На крыльцо вышла заспанная Рената. Щурясь от яркого солнца, смотрела на происходящее. Виктория остановилась, только когда над забором выросла любопытная физиономия Кирюхи и произнесла:
— А ваш фотограф в город уехал. Велел передать, что сегодня не вернется.
Сказал и уставился: будет она смеяться дальше или нет? Смех Виктории прекратился так же быстро, как и начался. Она поднялась с травы, отряхнулась и, взяв Карину за руку, молча прошествовала в дом. Завтракали на веранде. Ели деревенский рыхлый творог и запивали молоком. Рената все еще дулась на сестру, делая взрослое лицо. Карину это забавляло, и она всячески норовила напроказничать, чтобы вывести сестру из надутого состояния. Она будто бы ненароком двигала локтем Ренаткин стакан до тех пор, пока тот звучно не вписался в тарелку. Рената послала сестре уничтожающий взгляд и отвернулась. Потом Карина стала невинно покачивать ногой под столом, но Виктория хорошо знала, чем это кончится. Глаза у Карины были хитрющие.
— А знаете.., кто придумал «кружилку»? — нарушила молчание Вика.
Сестры подняли глаза от тарелок.
— Дядя Кит? — предположила Карина.
— А вот и нет!
— Вы?! — подпрыгнула Карина.
— Ваша мама!
— Мама?
Девчонки вытаращили глаза.
— Вы, наверное, шутите? — засомневалась Рената. В глазах ее шевелилось недоверие.
— Ваша мама в детстве была большой выдумщицей и заводилой. С ней всегда было интересно, весело.
Девчонки дружно отодвинули тарелки и засыпали Викторию вопросами.
— Сейчас мы помоем посуду, а потом вместе пойдем на «кружилку».
— Ура! — закричали Рената и Карина.
Они летали на своей «кружилке», пока не зарябило в глазах. Потом вернулись домой, набрали продуктов и отправились загорать на речку. Вечером ходили за молоком, и Карина даже умудрилась потрогать черного козла за рога.
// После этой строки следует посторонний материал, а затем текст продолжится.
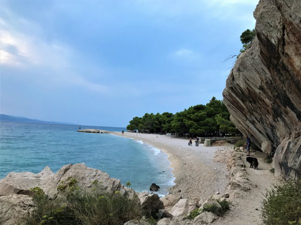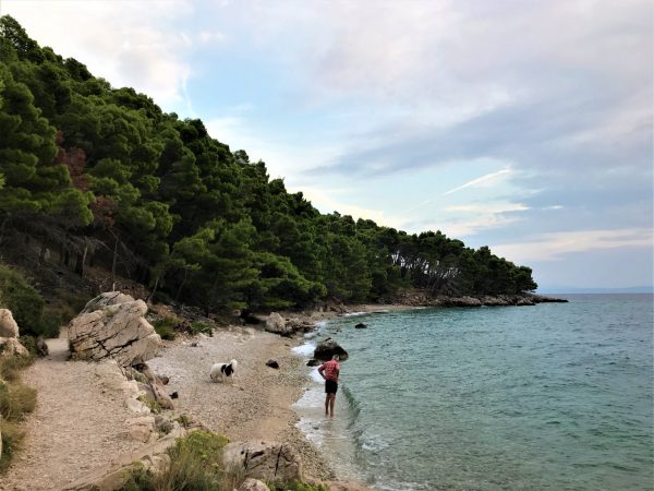 Ihr erreicht ihn über einen wunderschönen Fußweg am Meer entlang Richtung Makarska. Die breite Kiesbucht, auch sie unter hohen Kiefern und Steineichen, schließt sich direkt an den FFK-Strand an. An diesem ruhigen und naturbelassenen Hundestrand dürfen Vierbeiner frei toben, schwimmen und schnüffeln – keine Leinenpflicht, kein Massentourismus. Das Wasser ist kristallklar, der Zugang zum Meer sanft abfallend – perfekt auch für ältere Hunde.

Перед сном, читая девочкам сказку, Виктория поймала себя на мысли, что день тянулся бесконечно долго и она рада, что наступила ночь. Что теперь скоро наступит ЗАВТРА… Поняв, что она ждет завтрашнего дня, Виктория сникла. Она, кажется, неукоснительно следует в противоположную от заданного курса сторону. Вика улавливала в девочках черты подруги, они не давали ни на минуту забыть, ЗАЧЕМ ОНА ЗДЕСЬ.
Когда сестры угомонились и засопели, Виктория вернулась мыслями к Марине. Почему-то на память пришел эпизод из старших классов. Кажется, это было в девятом. Тогда все в их классе грезили любовью. В школу ходили не на уроки, а ради общения. Влюблялись. Вике не в кого было влюбиться — она была самой крупной. Мальчишки оказывались мелковаты и не могли поразить ее воображения. Она потихоньку фанатела по некоторым знаменитым футболистам и музыкантам. Реального кумира не было. А кровь уже бродила, как молодое вино, будоражила плоть. Хотелось любить. У Марины тоже не было парня, но совсем по другим причинам. Она были слишком общительна. Всем — друг. Мальчишки делились с ней своими секретами, девчонки спрашивали совета. Марина для всех была своя в доску. А колечки в ушах в два ряда и серьга в пупке делали ее в глазах парней слишком крутой для того, чтобы за ней приударить. Когда в их классе появился новенький, они влюбились обе. С Викторией это произошло как-то сразу, едва он вошел на уроке в их класс. Он был настолько высок, что пригнулся в дверях. У него было настолько приветливое лицо, что хотелось улыбнуться в ответ. Что Вика и сделала. Она сидела на последней парте, и его тоже посадили на Камчатку, на соседний ряд. Очень удобно — можно изредка бросать взгляды во время урока. Звали парня Андрей. Для Вики потекла совсем другая жизнь. Она летела в школу как на праздник. Ждала урока, потому что могла созерцать его профиль, ждала перемену, потому что могла видеть его целиком и даже обратиться к нему за чем-нибудь. А особенно Вика ждала уроков физкультуры. К девятому классу она научилась неплохо играть в баскетбол. Забрасывать мяч в корзину, ловко уводить его от одноклассников доставляло ей истинное наслаждение. Оказалось, что Андрей увлекается баскетболом. Как-то после урока он небрежно бросил Виктории:
— А ты неплохо играешь…
Виктория потом перебирала эту фразу на все лады, искала в ней второе дно, придавала ей желаемые оттенки. Она делала с этой фразой что хотела, ведь она теперь принадлежала ей! А на лице бродила блаженная полуулыбка…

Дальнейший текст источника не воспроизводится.